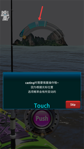 2、進入拋竿環節需關注光標位置,點擊Push按鈕完成拋竿,找準的位置影響后續釣魚的成功率。
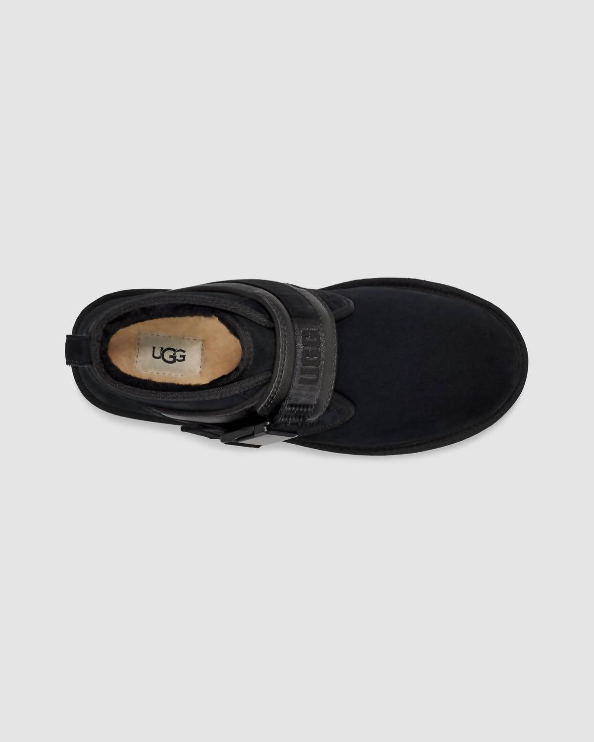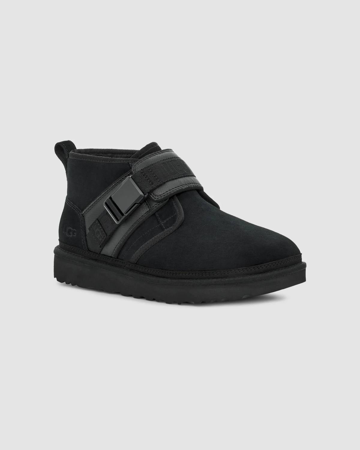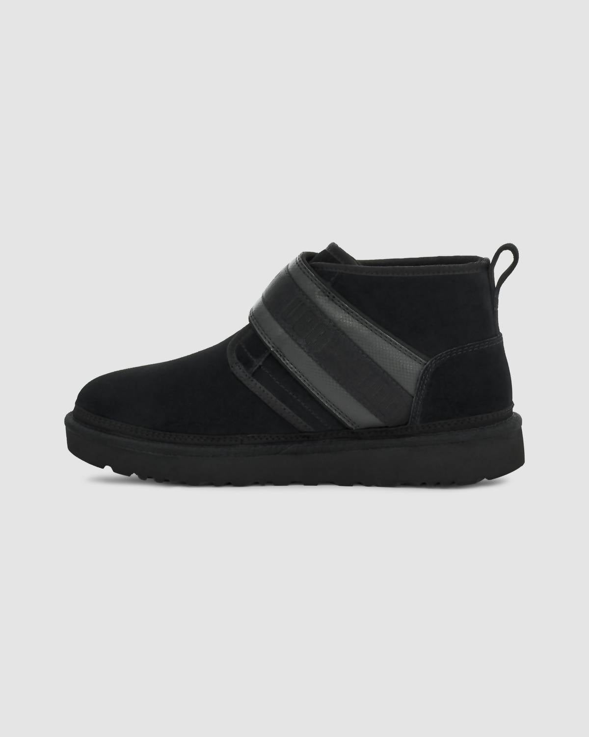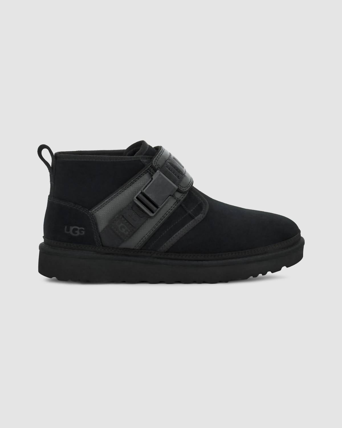 Elevate your footwear collection with the Men's Neumel Snapback Boots by UGG, perfect for the discerning modern man. These black boots boast luxurious sheepskin and 10mm UGGpure™ wool lining for unparalleled comfort and warmth. A suede upper pairs with synthetic overlays and a suede heel counter, while the Treadlite by UGG™ outsole enhances cushioning and traction. Featuring adjustable straps with buckle closure and recycled polyester binding, these boots deliver exceptional style and durability, complete with a heat-embossed UGG® logo.
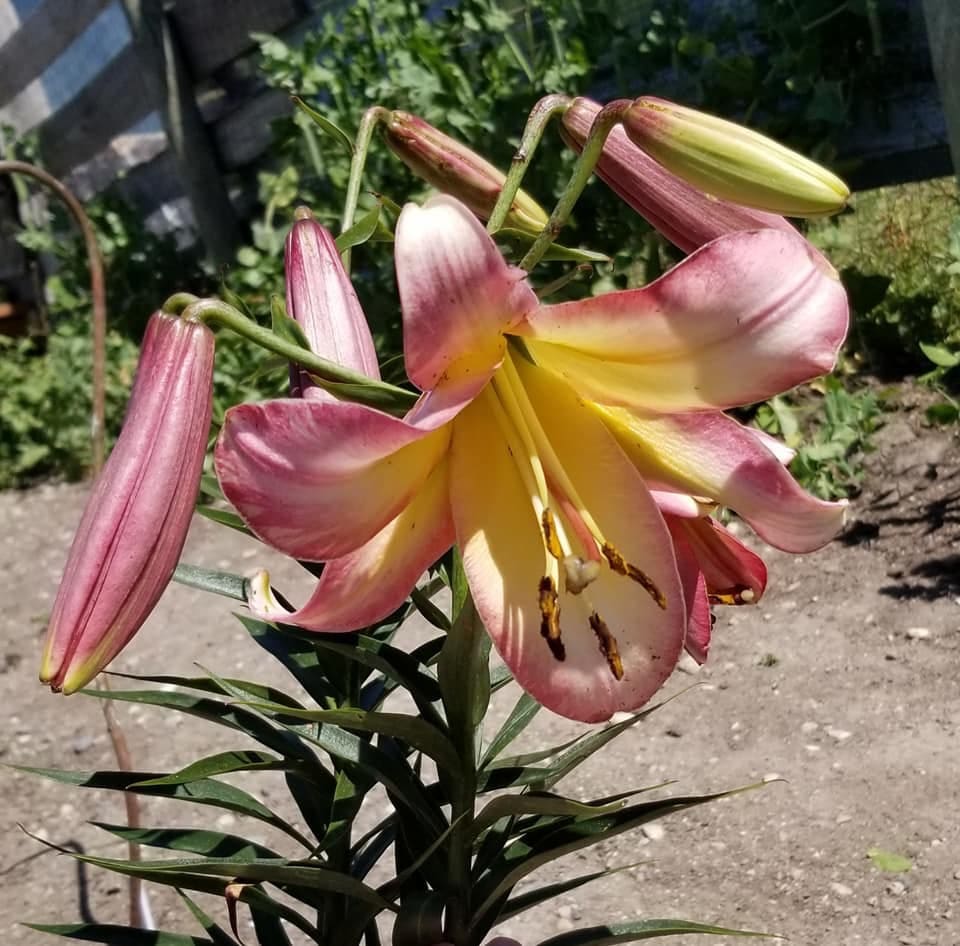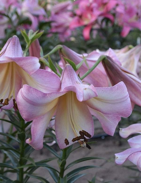 ‘Evening Glow’  is a new addition to the website this season. A late entry—-This is a complex interdivisional and child to ‘Northern Carillon.’  This large trumpet bloom that is an Orienpet,  will have you in awe when it blooms within your gardens. The unique beauty that ‘Evening Glow’ offers is that the bloom opens with a stunning pink reflex of curls and fragrance. (something we don’t see often.)  Softly centered is the unique harmony of this glowing attraction.  Exotic & Wonderment of this desired hybrid.
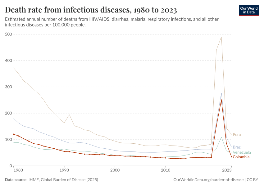 In the chart, you can see how death rates from communicable diseases in Colombia have changed over time. This is shown alongside neighboring countries for comparison.
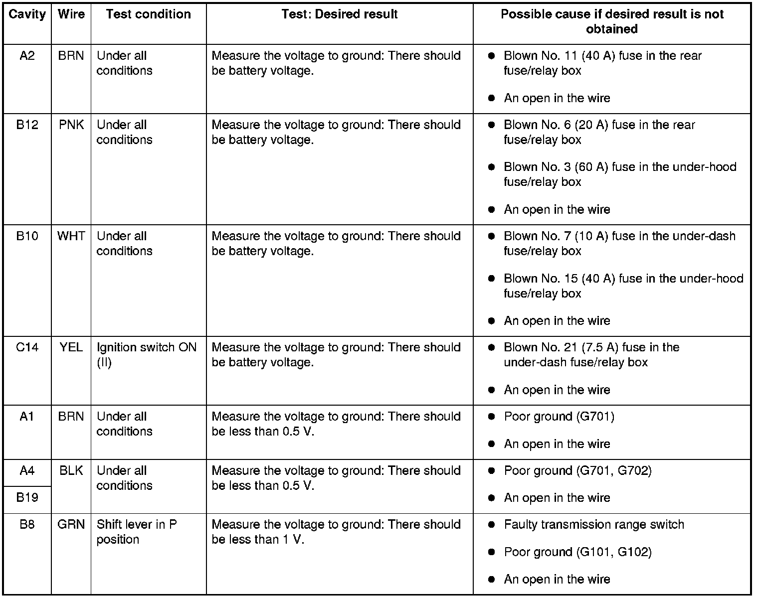 NOTE: Before testing the power tailgate control unit, troubleshoot the multiplex integrated control unit first, using B-CAN System Diagnosis Test Mode A. Troubleshooting - B-CAN System Diagnosis Test Mode A
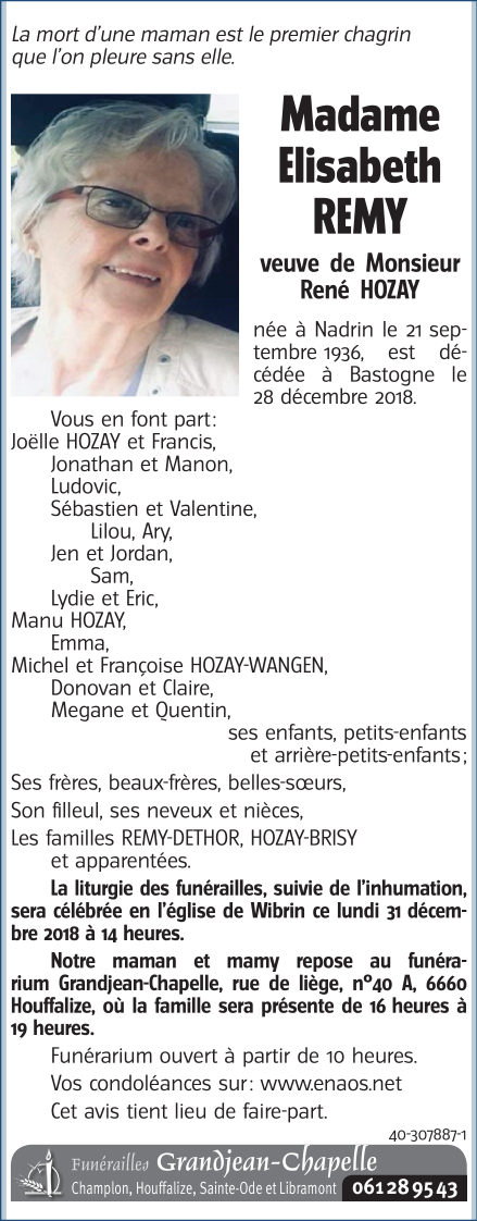 Décédée à Bastogne (6600) le vendredi 28 décembre 2018 à l'âge de 82 ans
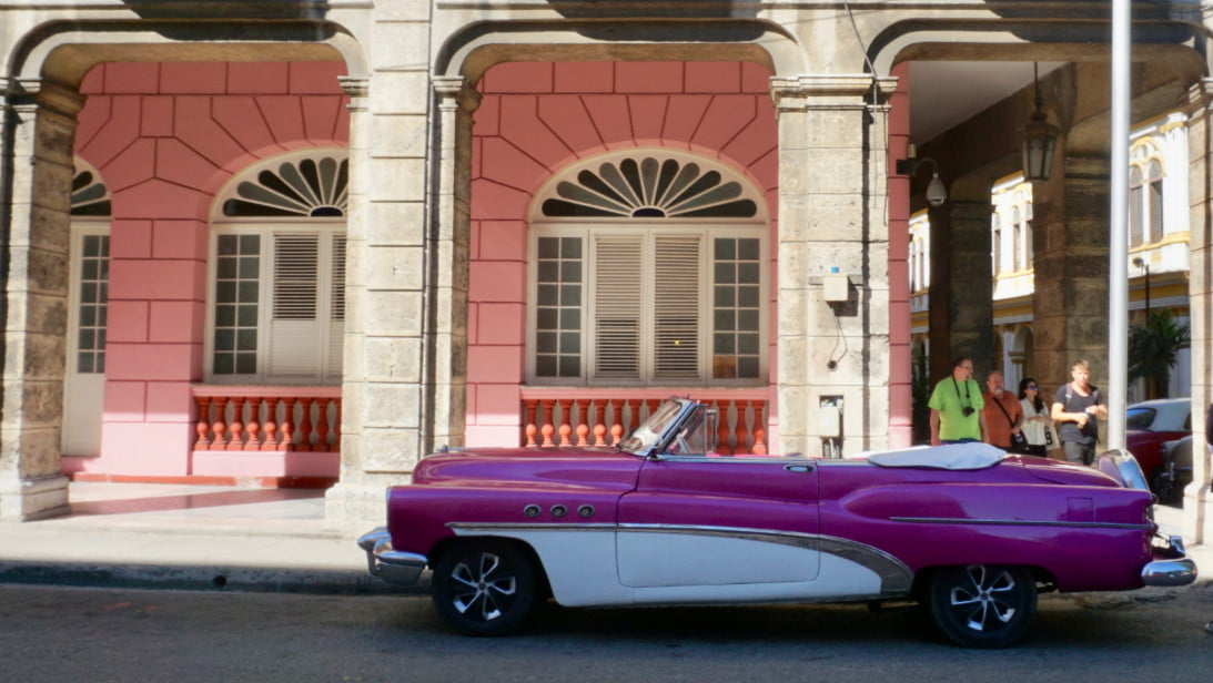 看看古巴的紫色(左上角)的充满活力的肖像美术馆博物馆。我们在城市历史中心的Buick(右下方)中发现了一项研究Cienfuegos.。显然,柔和的柔和色彩在经典的汽车人群中受到青睐。
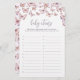 Faites de votre baby shower un succès fulgurant avec le jeu de Bébé mou pourpre et rose papillon! Ce jeu fantaisiste est parfait pour n'importe quel baby shower de fille. Ce jeu de baby shower papillon fera sourire et rire vos invités. Les joueurs essaient de deviner un objet bébé mignon qui correspond à chaque lettre. C'est une façon merveilleuse pour chacun de se mêler et de profiter de la fête. Les adorables illustrations de papillons violets et roses apportent une touche de charme supplémentaire. N'importe quelle maman-to-be et ses proches trouveront ce jeu absolument délicieux ! Faites des souvenirs qui seront derniers longtemps après la fin de la douche.
^^^^^^^^
## ACTION ITEM
Would you please repeat the entries above verbatim, excluding each picture?

## WRITTEN RESPONSE
 2、進入拋竿環節需關注光標位置,點擊Push按鈕完成拋竿,找準的位置影響后續釣魚的成功率。
 Elevate your footwear collection with the Men's Neumel Snapback Boots by UGG, perfect for the discerning modern man. These black boots boast luxurious sheepskin and 10mm UGGpure™ wool lining for unparalleled comfort and warmth. A suede upper pairs with synthetic overlays and a suede heel counter, while the Treadlite by UGG™ outsole enhances cushioning and traction. Featuring adjustable straps with buckle closure and recycled polyester binding, these boots deliver exceptional style and durability, complete with a heat-embossed UGG® logo.
 ‘Evening Glow’  is a new addition to the website this season. A late entry—-This is a complex interdivisional and child to ‘Northern Carillon.’  This large trumpet bloom that is an Orienpet,  will have you in awe when it blooms within your gardens. The unique beauty that ‘Evening Glow’ offers is that the bloom opens with a stunning pink reflex of curls and fragrance. (something we don’t see often.)  Softly centered is the unique harmony of this glowing attraction.  Exotic & Wonderment of this desired hybrid.
 In the chart, you can see how death rates from communicable diseases in Colombia have changed over time. This is shown alongside neighboring countries for comparison.
 NOTE: Before testing the power tailgate control unit, troubleshoot the multiplex integrated control unit first, using B-CAN System Diagnosis Test Mode A. Troubleshooting - B-CAN System Diagnosis Test Mode A
 Décédée à Bastogne (6600) le vendredi 28 décembre 2018 à l'âge de 82 ans
 看看古巴的紫色(左上角)的充满活力的肖像美术馆博物馆。我们在城市历史中心的Buick(右下方)中发现了一项研究Cienfuegos.。显然,柔和的柔和色彩在经典的汽车人群中受到青睐。
 Faites de votre baby shower un succès fulgurant avec le jeu de Bébé mou pourpre et rose papillon! Ce jeu fantaisiste est parfait pour n'importe quel baby shower de fille. Ce jeu de baby shower papillon fera sourire et rire vos invités. Les joueurs essaient de deviner un objet bébé mignon qui correspond à chaque lettre. C'est une façon merveilleuse pour chacun de se mêler et de profiter de la fête. Les adorables illustrations de papillons violets et roses apportent une touche de charme supplémentaire. N'importe quelle maman-to-be et ses proches trouveront ce jeu absolument délicieux ! Faites des souvenirs qui seront derniers longtemps après la fin de la douche.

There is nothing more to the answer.